Cross will eventually die -- be crossed-out -- but the evil he did will live on not only in the lives he wrecked but in the very shape and soul of the city he despoiled for profit and pleasure.  In the end, the cops and private eye are mere observers and commentators, as helpless to affect the unfolding events as a Greek chorus.  And in both the Greek tragedies and this very American film, a city -- the polis -- is corrupted in the process.

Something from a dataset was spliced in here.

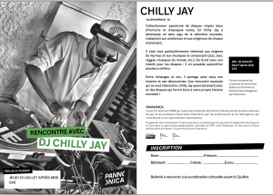 Conférences interactives; présentation d’une chambre d’adolescent avec ses revues, ses k7, ses posters et ses livres. Chilly Jay raconte son histoire et son métier au travers la découverte du disque, du sampling, ou des techniques de mixs.

Yet because this is an American film, Jake is not quite a mere observer, though his energetic efforts to find truth  and restore order ultimately  proved futile.  Chinatown tips its hat to the notion of the tragic hero's "flaw" by having Jake Gittes wear a bandage over his nose through much of the film, followed by a scar from where one of Noah crosses henchman slit his nose in order to scare him off the case. Critic Edmund Wilson writes about the idea of the artist/hero's wound in his seminal essay "The Wound and the Bow," and Polanski has some fun by playing the thug who cuts Jack Nicholson's nose with his knife -- the "wounded" artist gets to deliver the wound to the hero of his film himself.  And given the plot of Chinatown, its especially uncanny that Jack Nicholson's own mother had been an unwed 18-year old when he was born, he and was raised by her parents with his grandmother pretending to be his mother and his actual mother pretending to be his sister.  Nicholson didn't learn the truth until 1974 -- the very year Chinatown was released.  Ironies leapfrog over ironies.

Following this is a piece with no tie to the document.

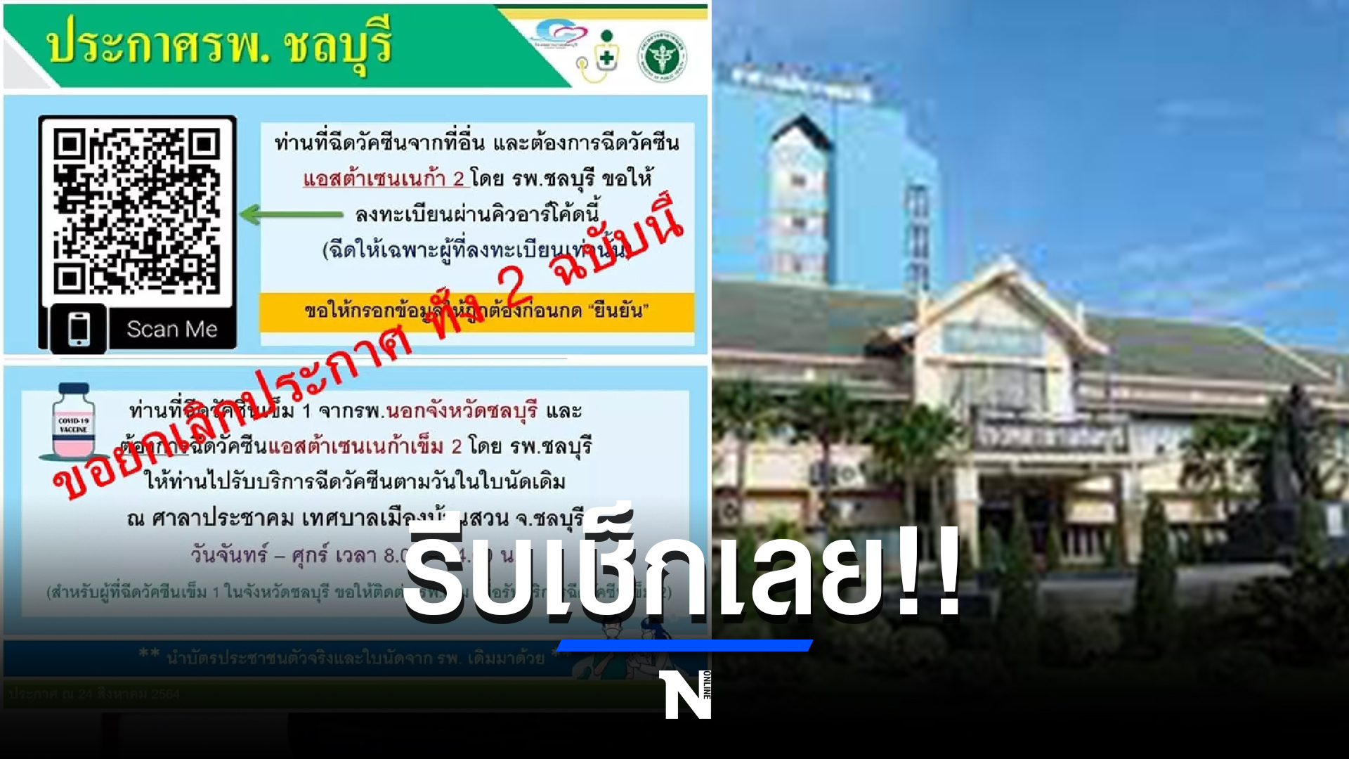 จากกรณีที่ โรงพยาบาลชลบุรี ได้ประกาศแจ้งเรื่อง "ฉีดวัคซีน" โควิด-19 เข็ม 2 โดยข้อความระบุว่า ท่านที่ฉีดวัคซีนจากที่อื่น และต้องการฉีดวัคซีน แอสตร้าเซนเนก้า 2 โดย รพ.ชลบุรี ขอให้ลงทะเบียนผ่านคิวอาร์โค้ดนี้ (ฉีดให้เฉพาะผู้ที่ลงทะเบียนเท่านั้น) ขอให้กรอกข้อมูลให้ถูกต้องก่อนกด "ยืนยัน"

But Chinatown is a work of art, not a roman à clef, propaganda, or a sedative.  It doesn't seek to change us or get us to agitate for political reform or make us leave the theater feeling "happy."  Aristotle declared that tragedy creates a catharsis in an audience that "purges them of pity and fear." I think the film does that quite brilliantly.  Yet mid-to-late century America was not ancient Greece, and it could be argued that the catharsis of Chinatown is not perfect, not quite complete. The ending does have a sting in its tail and leaves a disquiet that the Greek and Shakespearean tragedies attempted to quell.  Perhaps this is the "despondent" feeling that the poster I quoted earlier felt at the end of the film.

It's well-known that Polanski  altered  the ending of  Towne's original screenplay, which did have a "happy" ending. Here is an (admittedly rare) example of a director understanding the nature of a screenwriter's script better than the screenwriter himself did.  Ironically, Chinatown won only a single Academy Award -- for Best Original Screenplay.  

Robert Towne intended Chinatown to be a trilogy, and true to the city he had come to mistrust, things didn't work out in his favor. He lost control of the second part, which became the dismal Two Jakes, listlessly directed and starring Jack Nicholson, who had been such a revelation in the first film.  The third part was never made at all. But Chinatown gloriously exists, moving and enlightening us in its unique way, and reminding us of a time when such films could still be made in America.  I suspect even William Dean Howells might have been impressed.

(For more about Chinatown and Robert Towne, I happily urge you to read the first chapter of David Thomson's matchless history of Hollywood, The Whole Equation. In fact, while you're at it, read the entire book.)